Here the job is to transcribe the data verbatim while leaving each picture out.
Segment Start: DATA EXTRACTS
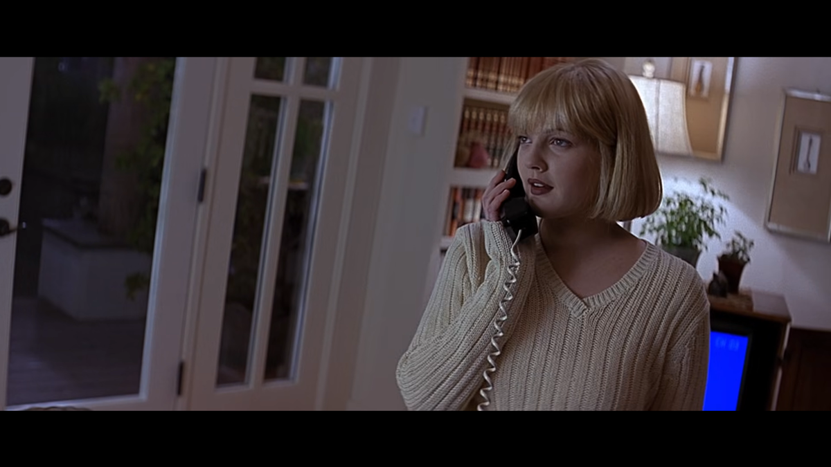 Картина открывается сценой, которая оказала влияние, пожалуй, на весь актуальный кинематограф ужасов. Слэшеры и раньше открывались кровожадной сценой убийства блондинки, но «Крик» делает это совершенно уникальным образом. В кадре появляется Дрю Берримор, чье лицо было на всем маркетинге картины, так она еще к тому времени уже была узнаваемой звездой кинематографа. Зритель, уверенный до последнего, что следит за главной героиней, был шокирован тем, что в финале продолжительного сложного эпизода девушку цинично закалывали ножом в грудь и подвешивали на дереве. Мастерский в своей продуманности эпизод содержал в себе ударную дозу саспенса, но при этом еще и удачно развлекал зрителя. Блондинка в уютном вязаном свитере успевала обсудить с убийцей любимые фильмы ужасом и сказать, что лучший «Кошмар на улице Вязов» – это только первая часть. Напряженная беседа по телефону, погоня, ужас от осознания, что неловкий флирт перерос в настоящую угрозу – все эти элементы создают один из лучших слэшерных эпизодов за всю историю кинематографа.
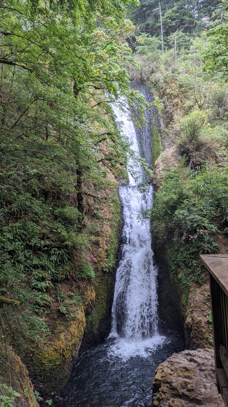 I survived the night at Yale Lake and had breakfast at the beach there. Then I drove to some of the famous waterfalls in the Columbia River Gorge. I went to two: Bridal Veil Falls, and Multnomah Falls.
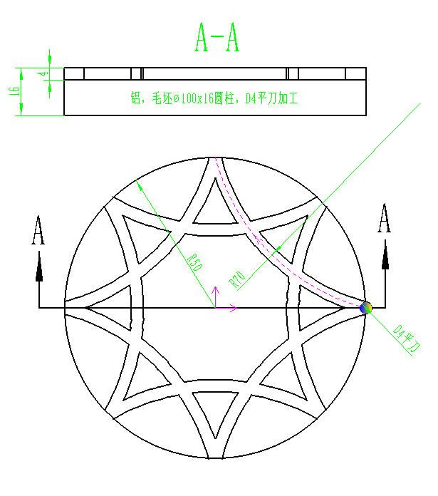 十一、等尺寸圆弧槽零件 | 主程序 | 子程序 | 图 | | ------------------------------------------------------------ | ------------------------------------------------------------ | ----------------------------------------------------- | | O0001<br/>(DATA:2025-10-23, PROGRAMMER:TYJS09)<br/>G17 G54 G21 G94 G40 G49 G80<br/>M06 T01<br/>G00 X50 Y0<br/>Z50<br/>{----------------加工---------------------}<br/>M98 P0053<br/><br/>G68 X0 Y0 R45<br/>M98 P0053<br/>G69<br/><br/>G68 X0 Y0 R90<br/>M98 P0053<br/>G69<br/><br/>G68 X0 Y0 R135<br/>M98 P0053<br/>G69<br/><br/>G68 X0 Y0 R180<br/>M98 P0053<br/>G69<br/><br/>G68 X0 Y0 R225<br/>M98 P0053<br/>G69<br/><br/>G68 X0 Y0 R270<br/>M98 P0053<br/>G69<br/><br/>G68 X0 Y0 R315<br/>M98 P0053<br/>G69<br/>{----------------结束---------------------}<br/>G91 G28 Z0<br/>G90 X0 Y0<br/>M05<br/>M30 | O0053<br/>G0 Z5<br/>G01 Z-4 F80<br/>G02 X0 Y50 R70 F100<br/>G0 Z2<br/>M99 |  |
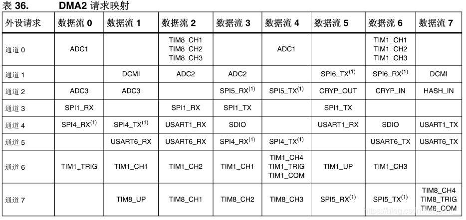 - DMA1 控制器 AHB 外设端口与 DMA2 控制器的情况不同,不连接到总线矩阵,因此,仅 DMA2 数据流能够执行存储器到
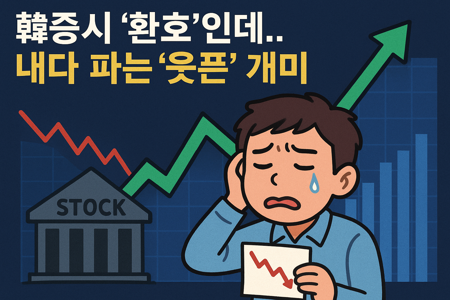 “웃픈(웃기면서도 슬픈)” 표현처럼, 승자는 있는 시장에서도 개미 투자자만이 차익 실현이나 시장 흐름의 끝자락에서만 매도하고, 실질적인 수혜는 기관/외국인 또는 대주주/정책 수혜 기업에게 돌아가는 구조가 반복되고 있다는 비판적 관점이 깔려 있음.
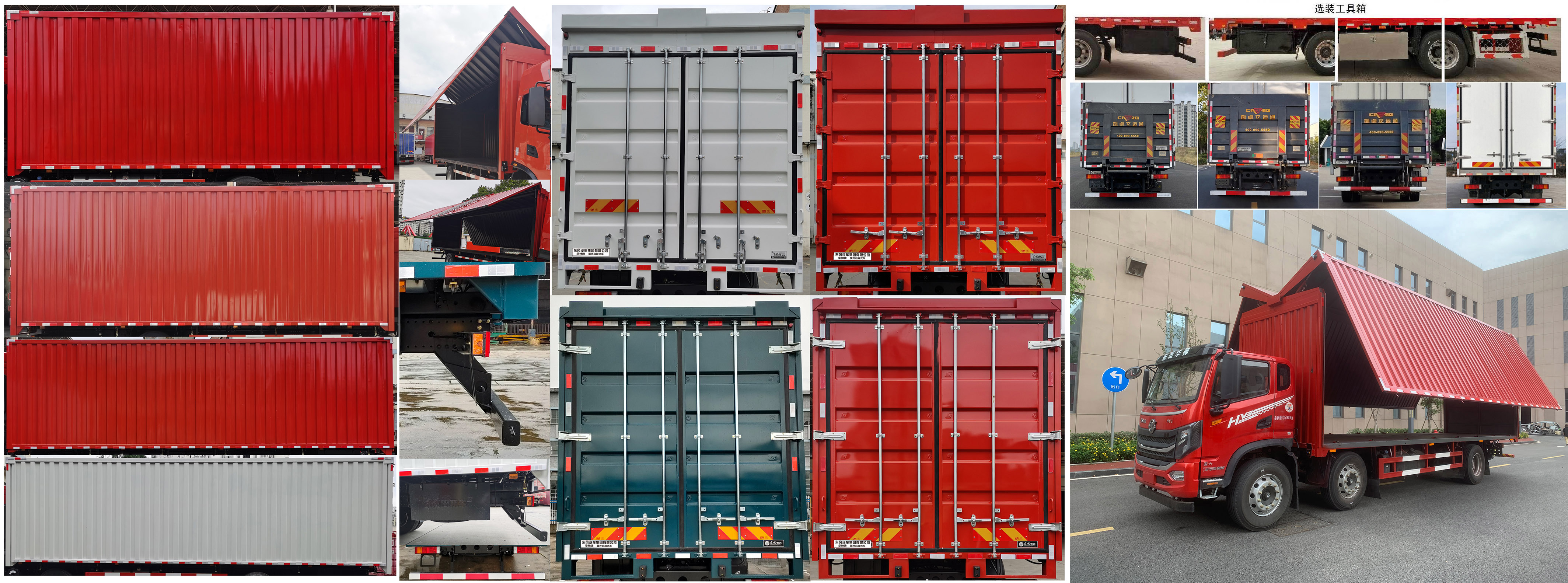 | 备注 | 1.选装视镜风格(一体式,分体式),选装遮阳罩及遮阳罩字体,选装车门拉花及驾驶室字体,选装保险杠风格,选装驻车空调,选装不同样式导流罩,选装尿素罐样式,选装油箱风格(单腔,双腔,铁质,铝质),选装车架尾横梁风格及倒车影像摄像头安装位置,选装底盘布局,选装货厢样式,选装工具箱、翼开状态照片; 2.选装升降尾板,尾板收起时水平长度295mm,尾板质量550kg;选装起重尾板时,安装起重尾板警示标识; 3.该车型可选装ETC车载装置; 4.厢体顶部封闭,不可开启,顶板与侧翼板固定连接在一起开启; 5.外形尺寸参数对应关系(总长=前悬+轴距+后悬)为: 7650=1285+1800+3200+1365,8050=1285+1800+3200+1765,8450=1285+1800+3600+1765,9050=1285+1800+3600+2365,9450=1285+1800+3800+2565,10150=1285+1800+4300+2765,10950=1285+1800+4800+3065,11850=1285+1800+5450+3315,12000=1285+1800+5450+3465; 6.货厢栏板内尺寸长与水平承载面系固点数量的对应关系: 5400,5800,6200,6800,7200,7900/2+16;8700,9600,9800/2+20. | ||||||||||
Segment End: DATA EXTRACTS
**RESPONSE AREA**
 Картина открывается сценой, которая оказала влияние, пожалуй, на весь актуальный кинематограф ужасов. Слэшеры и раньше открывались кровожадной сценой убийства блондинки, но «Крик» делает это совершенно уникальным образом. В кадре появляется Дрю Берримор, чье лицо было на всем маркетинге картины, так она еще к тому времени уже была узнаваемой звездой кинематографа. Зритель, уверенный до последнего, что следит за главной героиней, был шокирован тем, что в финале продолжительного сложного эпизода девушку цинично закалывали ножом в грудь и подвешивали на дереве. Мастерский в своей продуманности эпизод содержал в себе ударную дозу саспенса, но при этом еще и удачно развлекал зрителя. Блондинка в уютном вязаном свитере успевала обсудить с убийцей любимые фильмы ужасом и сказать, что лучший «Кошмар на улице Вязов» – это только первая часть. Напряженная беседа по телефону, погоня, ужас от осознания, что неловкий флирт перерос в настоящую угрозу – все эти элементы создают один из лучших слэшерных эпизодов за всю историю кинематографа.
 I survived the night at Yale Lake and had breakfast at the beach there. Then I drove to some of the famous waterfalls in the Columbia River Gorge. I went to two: Bridal Veil Falls, and Multnomah Falls.
 十一、等尺寸圆弧槽零件 | 主程序 | 子程序 | 图 | | ------------------------------------------------------------ | ------------------------------------------------------------ | ----------------------------------------------------- | | O0001<br/>(DATA:2025-10-23, PROGRAMMER:TYJS09)<br/>G17 G54 G21 G94 G40 G49 G80<br/>M06 T01<br/>G00 X50 Y0<br/>Z50<br/>{----------------加工---------------------}<br/>M98 P0053<br/><br/>G68 X0 Y0 R45<br/>M98 P0053<br/>G69<br/><br/>G68 X0 Y0 R90<br/>M98 P0053<br/>G69<br/><br/>G68 X0 Y0 R135<br/>M98 P0053<br/>G69<br/><br/>G68 X0 Y0 R180<br/>M98 P0053<br/>G69<br/><br/>G68 X0 Y0 R225<br/>M98 P0053<br/>G69<br/><br/>G68 X0 Y0 R270<br/>M98 P0053<br/>G69<br/><br/>G68 X0 Y0 R315<br/>M98 P0053<br/>G69<br/>{----------------结束---------------------}<br/>G91 G28 Z0<br/>G90 X0 Y0<br/>M05<br/>M30 | O0053<br/>G0 Z5<br/>G01 Z-4 F80<br/>G02 X0 Y50 R70 F100<br/>G0 Z2<br/>M99 |  |
 - DMA1 控制器 AHB 外设端口与 DMA2 控制器的情况不同,不连接到总线矩阵,因此,仅 DMA2 数据流能够执行存储器到
 “웃픈(웃기면서도 슬픈)” 표현처럼, 승자는 있는 시장에서도 개미 투자자만이 차익 실현이나 시장 흐름의 끝자락에서만 매도하고, 실질적인 수혜는 기관/외국인 또는 대주주/정책 수혜 기업에게 돌아가는 구조가 반복되고 있다는 비판적 관점이 깔려 있음.
 | 备注 | 1.选装视镜风格(一体式,分体式),选装遮阳罩及遮阳罩字体,选装车门拉花及驾驶室字体,选装保险杠风格,选装驻车空调,选装不同样式导流罩,选装尿素罐样式,选装油箱风格(单腔,双腔,铁质,铝质),选装车架尾横梁风格及倒车影像摄像头安装位置,选装底盘布局,选装货厢样式,选装工具箱、翼开状态照片; 2.选装升降尾板,尾板收起时水平长度295mm,尾板质量550kg;选装起重尾板时,安装起重尾板警示标识; 3.该车型可选装ETC车载装置; 4.厢体顶部封闭,不可开启,顶板与侧翼板固定连接在一起开启; 5.外形尺寸参数对应关系(总长=前悬+轴距+后悬)为: 7650=1285+1800+3200+1365,8050=1285+1800+3200+1765,8450=1285+1800+3600+1765,9050=1285+1800+3600+2365,9450=1285+1800+3800+2565,10150=1285+1800+4300+2765,10950=1285+1800+4800+3065,11850=1285+1800+5450+3315,12000=1285+1800+5450+3465; 6.货厢栏板内尺寸长与水平承载面系固点数量的对应关系: 5400,5800,6200,6800,7200,7900/2+16;8700,9600,9800/2+20. | ||||||||||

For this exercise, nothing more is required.